FYI.

This story is over 5 years old.

Oh Snap

What the Last PMQs Before the Election Told Us About the Campaign to Come

The Tories will talk about "stability" until they're blue in the face. Maybe Corbyn could learn from them.
(PA/PA Wire/PA Images)

The braying blue suits, giddy with end-of-term cheek, the ironic jeers, the mock incredulity, the petulant sneers… watch Prime Minister's Questions for a few minutes and you remember why nobody else does. It's galling, almost unwatchable – an experience relished only by journalists, politicians, "self-confessed political junkies" and other debating society alumni. That said, there was a just about justifiable reason for watching today: it was the last PMQs before the General Election and, accordingly, the last time Jeremy Corbyn and Theresa May would face each other, provided she maintains her refusal to take part in televised debates.

Advertisement

The Conservatives have clearly been instructed to drill home the campaign message – "Strong and Stable Government" – as much as possible. And like all good children who love nothing better than to make mummy proud, they followed orders with aplomb: I counted five mentions of "strong and stable" within the first five minutes. Leading off from a question by Richard Drax MP that tenuously linked Corbyn to a demand by a small socialist group to "disband MI5" (a Telegraph story from two years ago), May accused Corbyn of being "not up to the job" of "keeping the country safe". It rhymed neatly with her overall strategy, which was to emphasise a "clear choice" between a "government of chaos" that wrecks lives for "ordinary working families", and an eternal reign of Tory competence.
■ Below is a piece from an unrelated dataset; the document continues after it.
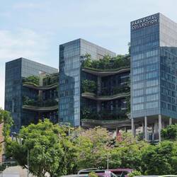 Ein anderes Thema, das wir hier anschauen wollten, sind die neuartigen grünen Gebäude. Wenn man in den Medien was über Singapur hört, dann gern, dass hier die Stadtbegrünung sehr fortschrittlich ist. Hea-Jee hat ChatGPT danach gefragt und einige sehr konkrete Tips bekommen. Wir haben das auf der Karte gesucht und dann einen Weg geplant, wie wir mehrere dieser Gebäude besuchen können.

Although it's no secret that most of the Parliamentary Labour Party despises Corbyn and his politics, you might've expected them to at least feign enthusiasm given the circumstances. But they couldn't even be bothered to do that, staying relatively mute when their leader stepped up to the dispatch box. This meant that JC's final questions to the Prime Minister before the election were inaugurated by a chorus of Tory jeers.

Corbyn resurrected the technique he used when he did his first PMQs against David Cameron all those months ago: getting his questions directly from the public.

He asked questions on behalf of Christopher, whose husband has only seen a "1 percent increase in his wages" over the past five years; Laura, a primary school teacher who's seen funding levels for his students cut each year; and Cybil, a pensioner who has seen the quality of care in the NHS steadily decline under Tory rule. Wages, education and the NHS – they're the three subjects Labour performs best on.

The Conservatives dropped the pretend reverence they used to put on whenever Corbyn quoted members of the public in PMQs – they continued to laugh and jeer as he read out questions – and May's responses seemed increasingly toothless. In each case she avoided answering the question, which is normal for a Prime Minister, but wasn't able to convincingly deflect them either, which is less normal.

The positive flip-side of the Tories' repetitiveness is what wonks would call "message discipline", AKA "ramming the point home". Corbyn has less of that. By the end, though, he had attempted to re-appropriate the Tory's talk of "strength" and given it a left-populist gleam: "Mr. Speaker, stronger leadership is standing up to the many, not the few. But when it comes to the Prime Minister and the Conservatives, they only look after the richest, not the rest. They are strong against the weak and weak against the strong." It's a message that should resonate with the public, who've seen sluggish and stagnating wage growth for almost a decade, if it's able to cut through a generally hostile press and formidably united Conservative Party.

If that's the last we'll see of them together until the 8th of June, today's PMQ's didn't tell us much we didn't already know. Corbyn came across as typically flustered, uncoordinated, yet passionate. Although May's movements were formally perfect, they spoke to a certain airlessness: it's no wonder she's ducking out of TV debates. She ended with two calls to "vote for me", a slogan which reeks of authoritarian arrogance, but which the polls seem to suggest is going down well with a public seemingly committed to mass self-harm. The next five weeks will tell us just how deep that masochist streak runs.